Now it echoed so hauntingly.


I texted friends back home for comfort. I was lost at being lost this time.


I also texted the refugee center. I felt compelled to comprehend this confusion. I met Ivana, the communication manager, the next morning. We spoke and toured the space. The place was crowded as the refugees wanted to charge their devices and Wi-Fi, seek company and assistance basically.


I spoke to Hijjaz and Vahed, two of dozens waiting in line for shower. There were children and women too. Lots of volunteers, medical personnel, supplies, care. They had everything save the border opening which still hangs the noose.


A boy was carrying a fleece blanket down the steps of the barracks, eyes darting at me. Lilting a melodious form with odd breaks like a search for a cry. A calling. A signal smoke.


I wished I spoke more Farsi. All my obsession over Iran but there I was, feeling sorely out of place and redundant. I felt hypocritical that my temporary passing would be an added burden of confusion. That my asking of "how are you feeling" felt like a rhetorical question harsher than winter. That my "Hey, I am Muslim too" felt like a disloyal abandonment. That my "May God keep you safe" as I wait for my plane home on Sunday showed my prerogative for moving while they were left with none. That my desire to understand was only trying to fill my void but rob them. So I left the space.


I was so heartbroken until I read this.


"Stay strong. You're a musafir, Isky! Your prayers are the most maqbul, inshaAllah!
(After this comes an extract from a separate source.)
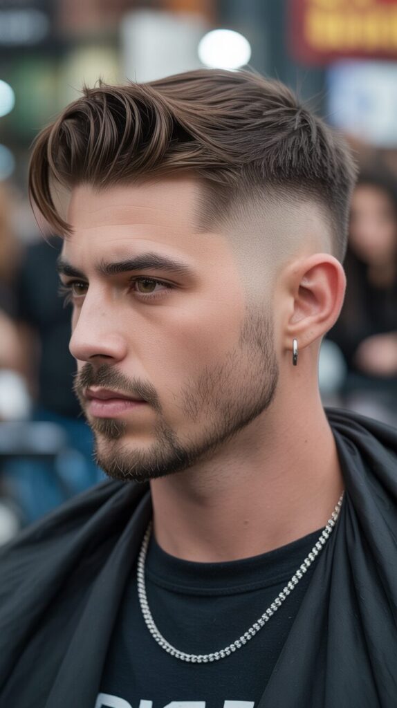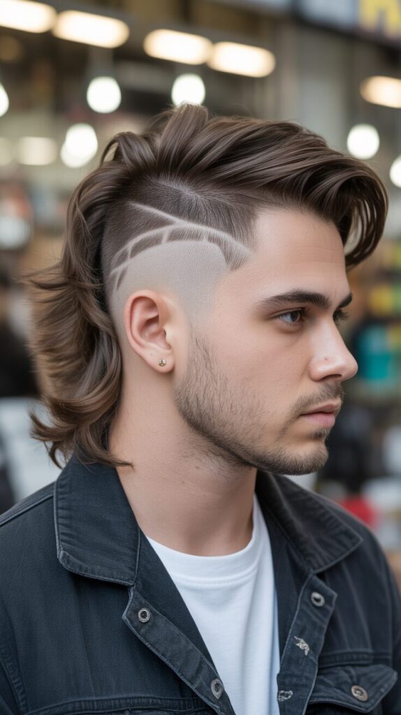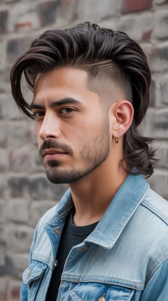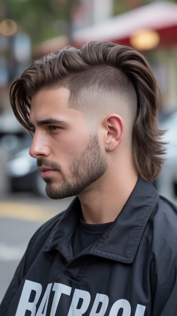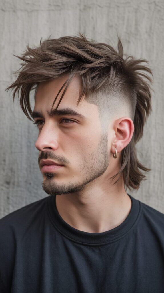 The Mohawk-inspired faded mullet cut is a bold, expressive choice that offers a unique combination of rebellious spirit and modern sophistication that is unlike any other.

Make use of that for now and seek for betterment for both you and those around you. I’m pretty sure you're already helping them as much as you can in your own ways but ask and keep asking Him for more."


Last night, I went back to the diner. It was full so I asked if I could join a table. Again, I melted into the foreign tongues as I tucked into my kebab. A lady in her late thirties and two men smoking and chatting, sipping çay, they look Mexican but apparently Afghani. The lady resembled my mum. She offered chat and spoke of her struggles.


I noticed a pair of Central Asian looking men across us. They reminded me of myself and my dad, just passively sharing the spring chicken, few words exchanged. Eating in haste, lingering eyes. Then they came over and spoke to the lady in Pashtun.


I smiled and asked if they were Afghani. Morteza and his uncle, Akbar. I told them now I understood why when I was in rural Iran the old men thought I was Afghani. We shared some similar features. They were so surprised to hear that I was from Singapore and just touring the Balkans.


My heart sank again when they said, "You live in the best country." I joked they should follow me back to Singapore. They apparently fled from asylum camps in Iran trying to reach Paris. But after months of poor predicament, tonight they plan to make a detour to Greece.


That was their last meal there. Their smiles glossed over their sorry states. I was on the brink of tears when I shook their hands to wish them a safe journey when Morteza embraced me so tightly.

"Khoda Hafez" (May God be with you)


God is Giving, indeed.


This article has been edited for the online platform.